The problem is that the formula only works if I create it by hand. I can't find any way to use a dynamic reference to the filename, which gets very tedious with 40+ files to reference. I thought this might work:
SUM(INDEX(INDIRECT(C3),JOB_ROW,0))
...where C3, C4, C5 etc. would contain automatically-generated filenames and references. But it doesn't work. I get #REF!. And Excel doesn't prompt me to link the files -- which suggests to me that it will never work this way.
I've also found that even when the spreadsheet is working properly with the manually-entered formulae, if I save it and re-open it then Excel tries to be helpful by stripping out the formulas and replacing them with the text #REF!.
Is it possible to do what I'm trying to do?

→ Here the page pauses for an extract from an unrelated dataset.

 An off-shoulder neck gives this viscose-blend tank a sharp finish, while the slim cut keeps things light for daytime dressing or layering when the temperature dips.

Or do I need to learn some VBA?
I should point out that I've largely avoided using Excel in my career so far -- so if there's a better way to achieve this then I'd love to hear it.

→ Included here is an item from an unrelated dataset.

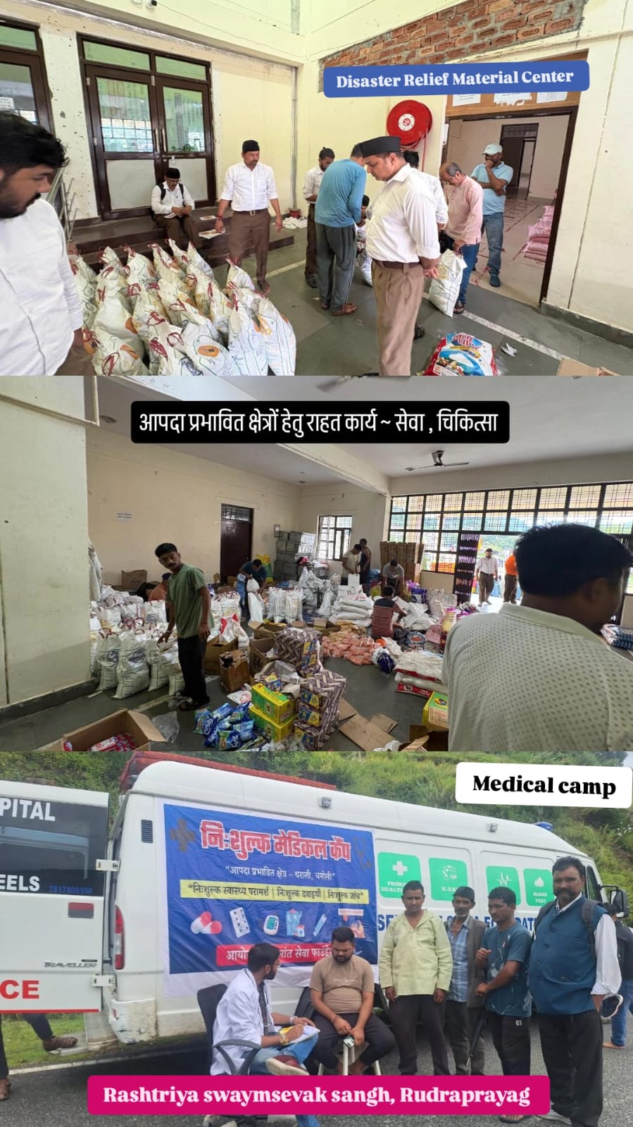 उल्लेखनीय है कि रुद्रप्रयाग जिले के अनेक गांवों में आपदा के कारण जन जीवन अस्त व्यस्त है। पिछले तीन दिनों से संघ के अपने स्वयंसेवक के सेवाभाव सेआपदाग्रस्त क्षेत्रों में प्रबंधन में जुटे हुए हैं।प्रतिदिन औसतन 4 स्थानों पर केंद्र बनाकर स्वयंसेवकों की टोलिया गांव गांव में सेवा कार्य कर रही है। श्री सेमवाल ने बताया कि बहुत से स्थान ऐसे है जहां राहत सामग्री के वाहन नहीं पहुंच पा रहे है उन ऊंचे स्थानों पर भी अपने स्वयंसेवक पैदल कई किमी चल कर राहत सामग्री पहुंचा रहे है।

Thanks in advance for your help.
ian0411 gave the simple answer to this question in the comments above: the answer is "you can't do that".
If he wants to post that then I'll accept it as an answer -- but for the benefit of anyone else reading this question and looking for alternative options, here's what I tried and what worked:
VBA
I wrote some very simple VBA using GetObject() to open and read from each of the workbooks. It worked, but a) it was very slow, and b) it seemed to keep all the files open as long as Excel was running, which caused other problems. It also crashed a lot.
I gave up on VBA.
Automating the filename replacement
The next option I tried was to have a column of filenames in Excel, with a column next to it containing the formula that I wanted to run on each file. Instead of putting the linked filename in the formula, I put a unique placeholder ('XXXXX' or whatever).
Then I made a little macro that (for the currently selected row) did a search and replace across the row to change 'XXXXX' to the filename in column A. I had to run the macro 40 times to cover each file, but I only had to do that process once. When I add a new file to the list, I'll just add a new line, copy the formulas, and update the filename.
I've now got a spreadsheet which works perfectly when the linked files are closed, and which doesn't rely on VBA.
Perhaps if my VBA skills were better I could have written something less flaky -- but doing it all with INDEX() seems like the fastest, most elegant, and most reliable solution.
Related
I have an Excel file on SharePoint.
Multiple people edit said file.
Offline and online.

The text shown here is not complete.